# Exhaust Manifold Removal



## CTCarGuy (Nov 17, 2009)

I was out enjoying my 71 GTO when I decided to "get on it" a little and suddenly it sounded like a muffler fell off! Turns out that the exhaust manifold gasket blew out on the passenger side. I started putting PB Blaster and waited a few days. The manifolds are stock.

I am sure this has been asked before (I did do a search) but any tips on getting the bolts out before I start. I have the gaskets and ordered new bolts. I tried loosen a few but from the top the leverage is not very good. I think I can access a few from under with an extension and a impact wrench. Any tips or tricks appreciated. I do have compressed air and MAP gas. 

Thanks in advance. 

Larry in Simsbury CT


----------



## Rukee (Feb 8, 2007)

Be sure to use a 6 point socket/wrench breaking them loose to avoid rounding off the bolt heads. And if the bolts are in questionable condition just replace them.


----------



## Jared (Apr 19, 2013)

I would be cautious using an impact on them as they could round off. I would spray them with some penetrating oil and let them sit for a little while. If one happens to break, it's not the end of the world. I had one break flush with the head on my Dakota (typical on the 3.9L V6). I was able to drill it in the center and use an easy out to remove the threads from the head. Like Rukee said, some high quality replacement bolts should be on your shopping list. Good luck!


----------



## Rukee (Feb 8, 2007)

I sometimes hate the penetrating spray as it hardly ever gets to the threads, and then all your doing is setting up the head to round off by making them slippery.


----------



## Jared (Apr 19, 2013)

Good point, especially on manifold bolts. I have never had one where the threads were frozen, only the bolt head to the manifold. These may not be too bad to remove anyway since it sounds to me like these have already been off. These should be attached steel to steel / manifold to head. Correct me if I am wrong on Pontiacs, but Chevy and Dodge do not use gaskets on the exhaust manifolds because both are flat milled surfaces that don't leak.

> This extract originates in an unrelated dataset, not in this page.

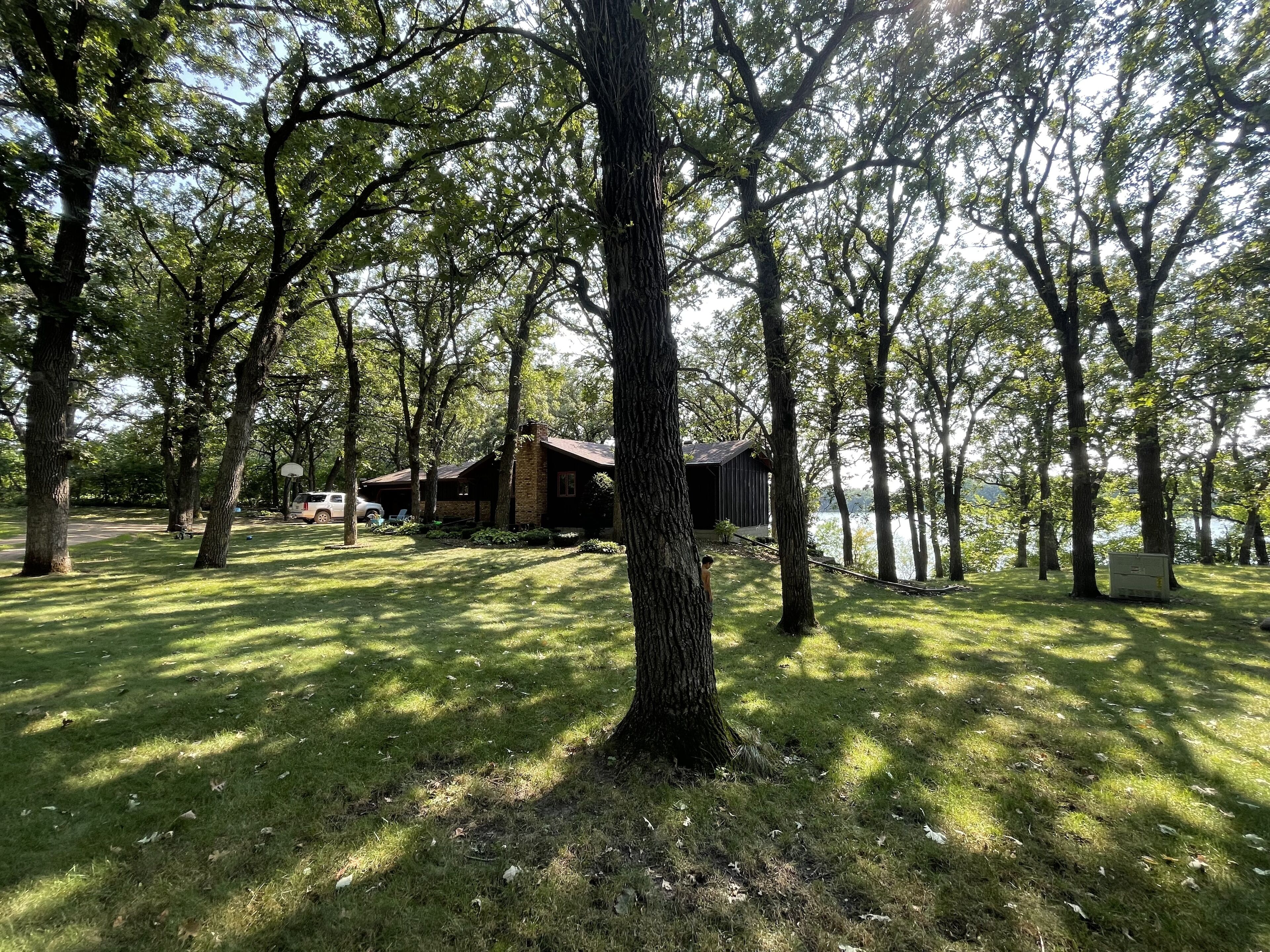 Spacious lake home on over 2 acres. Enjoy the peacefulness of this hidden gem surrounded by big oak trees. A long driveway brings you to this house nestled in the woods. The home is partially remodeled. The 3 bedrooms are all upstairs, along with 1.5 baths. Internet is fast and suitable for those who work from home. There are 2 smart tv’s upstairs and 1 downstairs. Lake views from most rooms upstairs. Downstairs has a large open area with a treadmill and desk.
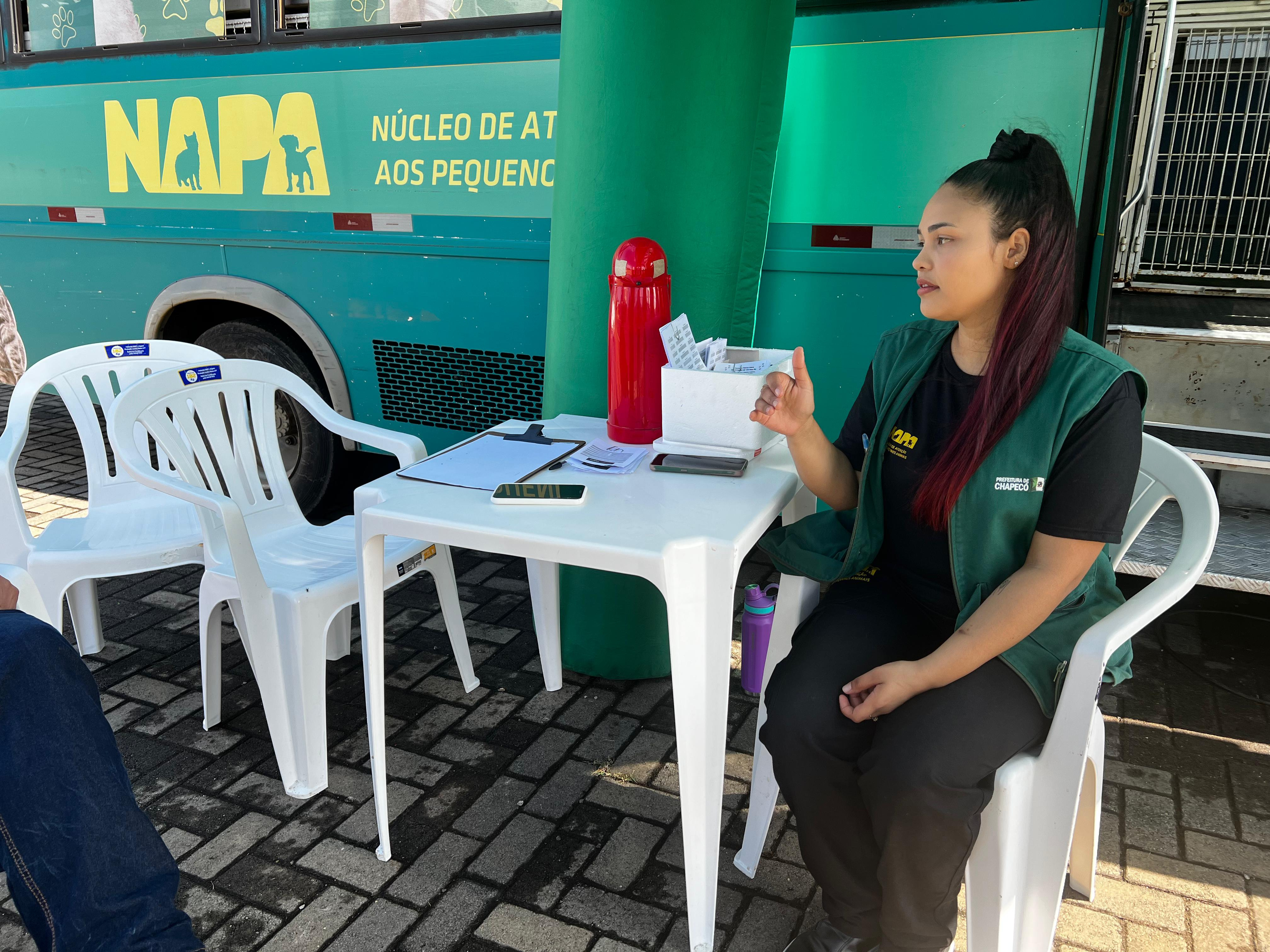 O Núcleo de Atenção aos Pequenos Animais (NAPA) realizou hoje (16), uma ação de cuidado animal na Praça da Família, no Bairro São Pedro. A iniciativa, intitulada "NAPA - Vai ao Bairro", teve início com a vacinação contra a raiva, vermifugação e consultas veterinárias gratuitas para os animais que mais necessitam.

You would only need gaskets on aluminum heads or if you are running headers.


----------



## Rukee (Feb 8, 2007)

There is a gasket, it's a FelPro ~ NAPA part # FPG MS9499SH.


----------



## CTCarGuy (Nov 17, 2009)

Well I decided to get under the car and remove the manifold bolts on the passenger side. I have sprayed them for the last 3 days with PB Blaster and used a steel rod and hammer to lightly tap on the manifold when I sprayed them. All of the bolts came out clean. Thanks


----------